Closed bhkim94 closed 4 years ago
Hi @bhkim94,
The mask prediction is an output, not an input to the model. The mask complements an interactive action like Pickup
by indicating what to pickup in the visual frame. The mask is conditioned on the same things as the action.
Thanks for replying.
I don't understand your answer. Does it mean that interactive actions are taken on the masks? If yes, how can we decide which pixel of the masks should be selected to interact? If no, can actions be predicted not based on masks (e.g. masks without any labels)?
Thanks!
All interactive actions (Pickup
, Put
, ToggleOn
etc.) need a mask. The evaluation API selects the object that contains the most pixels inside the predicted mask, and then applies the action to that object.
You can predict actions without masks, but a Pickup
action by itself is not useful unless you can somehow indicate what to pickup.
Thank you. I've found that part in the codes.
There is one more question. Is it possible to give an agent ground-truth masks during validation?
I'm trying to figure out how much segmentation affects the accuracy of a model, but I can't find any options for it.

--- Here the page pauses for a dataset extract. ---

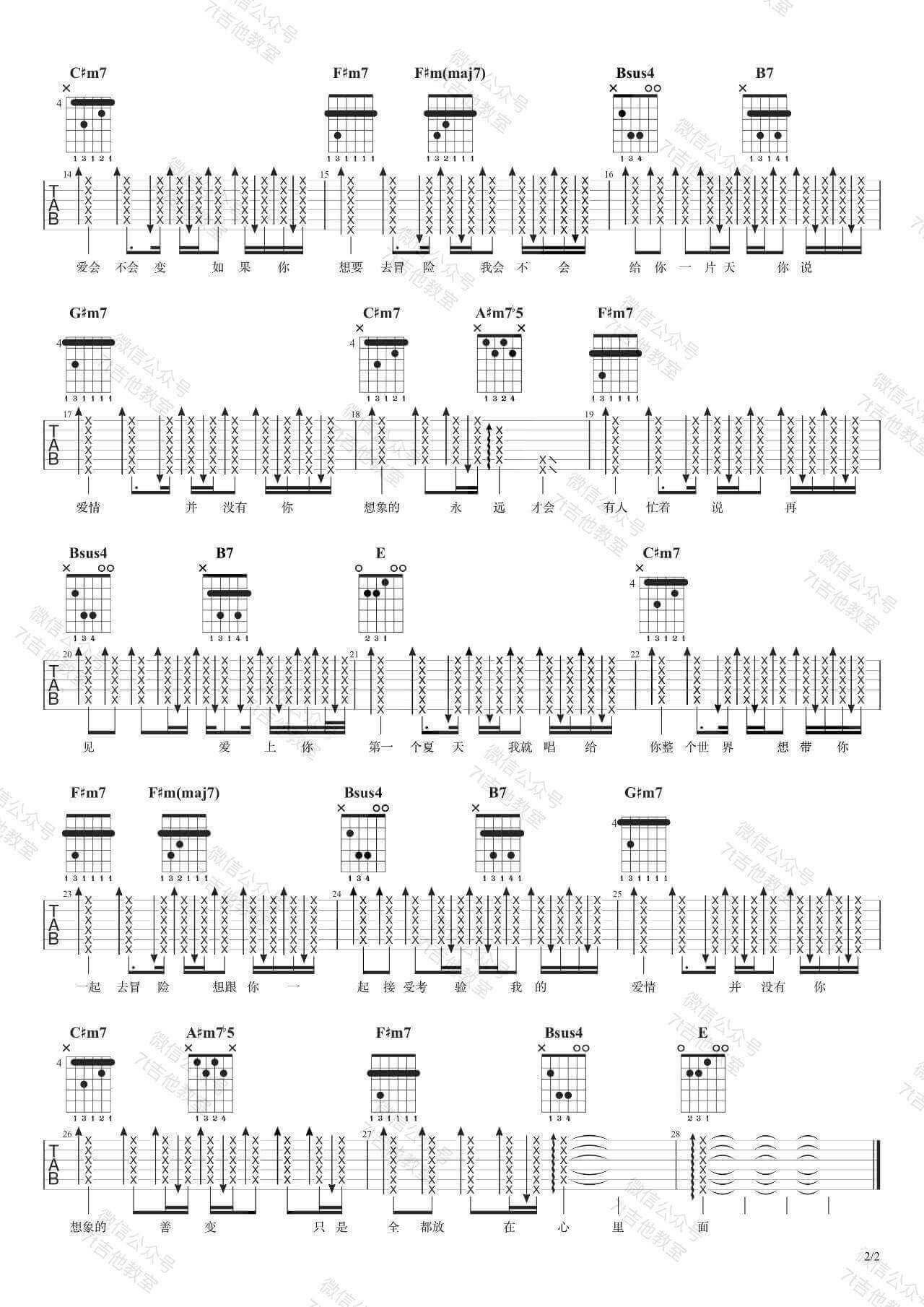 《胡夏《爱夏吉他谱》(E调)》内容来自于互联网,不能保证内容的准确性与完整性,仅供学习交流欣赏,请勿用于其它用途,内容版权归原作者及来源网站所有,如有侵犯到您的权益请来信告知,我们将及时删除。

Is there any options to do it?
Again, thanks for consistent helps.
During validation, if you follow the exact sequence of expert actions, then you can use the provided ground-truth masks in the dataset. But if you deviate from this sequence (quite likely), the masks won't be helpful. It's hard to get masks in this context, because we can't tell what the model wants to interact with.
On a side note, generating masks is fundamental to solving ALFRED tasks. Typically in navigation tasks like VLN, you don't have to interact with objects in scene so you never have to worry about this. But here, you have to.
Hi, I'm finding out how masks affect action prediction.
I couldn't find equations in the paper that show the relevance between actions and masks. According to the paper, the next action is determined by visual and linguistic features, a previous action, a previous hidden state, and learnable parameters. But no mask is used for the action prediction.
So I'm now following your codes to find out how the masks affect the predictions of actions, but I can't find it.
If I misunderstand the paper, could you help me understand how a mask affects the prediction of an action and what a mask is used for?
Thanks for replying!